• No results found

Sociale intimiteit verandert met de jaren

5. Sociale Intimiteit in het veld

5.3 Sociale intimiteit verandert met de jaren

Zoals vermeld in het hoofdstuk methodologie zou er een onderscheid gemaakt kunnen worden tussen ‘oude garde’ en ‘jonge garde’ vrijwilligers. De meeste ‘jonge garde’ vrijwilligers werkten pas een jaar bij de vestiging, terwijl ‘oude garde’ langer dan 7 jaar werkten. ‘Oude garde’ vrijwilligers ervoeren en waardeerden bepaalde aspecten van sociale intimiteit in hun vrijwilligerswerk anders dan ‘jonge garde’ vrijwilligers dit deden. Onderscheid tussen ‘oude garde’ en ‘jonge garde’ is interessant omdat het de ontwikkelingen in de organisatie en maatschappij weergeeft.
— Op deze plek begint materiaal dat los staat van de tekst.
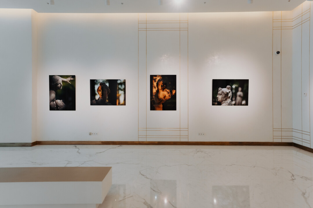В галерее шоу-пространства представлена серия черно-белых и цветных фотоснимков с изображением подлинных фигур Летнего сада, привезенных из Италии в начале XVIII века.

Het zegt dus zowel wat over de ervaring van verschillende vrijwilligers over sociale intimiteit, als over ontwikkelingen en

veranderingen. ‘Oude garde’ vrijwilligers zijn namelijk begonnen in een andere tijd, waarin er anders naar vrijwilligerswerk werd gekeken.

Erkenning en waardering

“Of je hebt die hele oude garde. Je merkt dat de oudere vrijwilligers wel een beetje meer voor zichzelf komen. Vergelijk het met een Maarten (1 jaar vrijwilliger), die vindt het leuk en is trots op het vrijwilligerswerk, maar hoeft daar niet heel de dag een schouderklopje voor te hebben. Hij gaat ook niet tegen de bewoners vertellen, weet je wat ik van de week weer mee heb gemaakt, dat doet hij niet. Maar de oudere vrijwilligers, hebben wel vaak zoiets van oh en ik heb vandaag daar last van. Weet je wel, die willen van ons ook veel aandacht” (Liesbeth, AB).
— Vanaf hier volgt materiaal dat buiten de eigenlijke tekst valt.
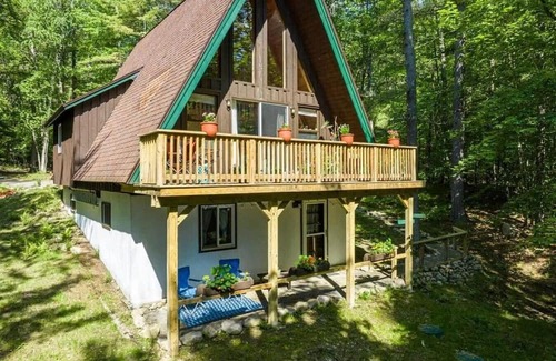 This adorable A-Frame home is nestled in the woods. In the Winter months, 4-wheel drive is HIGHLY recommended as there's a small portion of the road that is not paved.

In dit citaat bespreekt een activiteitenbegeleidster een verschil tussen ‘oude garde’ en ‘jonge garde’ vrijwilligers. ‘Oude garde’ vrijwilligers zouden volgens haar een beetje meer voor zichzelf werken dan ‘jonge garde’ vrijwilligers en wat meer op zoek zijn naar erkenning en waardering. Dit verschil zou toegeschreven kunnen worden aan de rol van sociale intimiteit in het vrijwilligerswerk in het leven van ‘oude garde’ vrijwilligers. Terwijl ‘jonge garde’ vrijwilligers het werk vaak als iets extra’s zagen, aanvullend op hun andere bezigheden, was het voor ‘oude garde’ vrijwilligers meer een invulling van hun leven (geworden). Voor hun was het vrijwilligerswerk een manier om iets buiten de deur te doen, nu ze niet hoefden te werken of voor kinderen te zorgen. Het was daarmee niet alleen om bewoners een leuke tijd te bezorgen, maar ook om zelf onder de mensen te komen en iets leuks te ondernemen.
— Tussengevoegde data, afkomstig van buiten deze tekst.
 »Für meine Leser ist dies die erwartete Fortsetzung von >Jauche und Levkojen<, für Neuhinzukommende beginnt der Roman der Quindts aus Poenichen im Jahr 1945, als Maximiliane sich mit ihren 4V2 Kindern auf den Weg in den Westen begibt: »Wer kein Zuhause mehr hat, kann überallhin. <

41 “Ik doe al 31 jaar vrijwilligerswerk en dat doe ik heel graag. Ik heb veel vrije tijd en vind het niet altijd fijn om thuis te zitten” (Elise, 19 jaar vrijwilligster in somatiek).

De grotere vraag naar erkenning en waardering bij ‘oude garde’ vrijwilligers, was dan ook ter

bevestiging van hun levensinvulling, hun rol in het tehuis dat zo’n groot onderdeel van hun leven was geworden. Zo vroegen ze ABers vaker of ze hun werk wel goed deden en ook van bewoners hoopten sommigen dat af en toe te horen.

“Ze (de bewoners) hoeven niet alles van je te weten. Maar dat ze op iets terugkomen, dat is toch een bewijs van erkenning, dat je samen lief en leed deelt. Dat is het, samen lief en leed delen. Dat iemand ziet dat een ander ook wel eens wat heeft. Dat ze niet alleen zijn met hun verdriet. Om daar wat van te maken. Dat is nou net de kunst” (Anneke, 19 jaar vrijwilligster somatiek).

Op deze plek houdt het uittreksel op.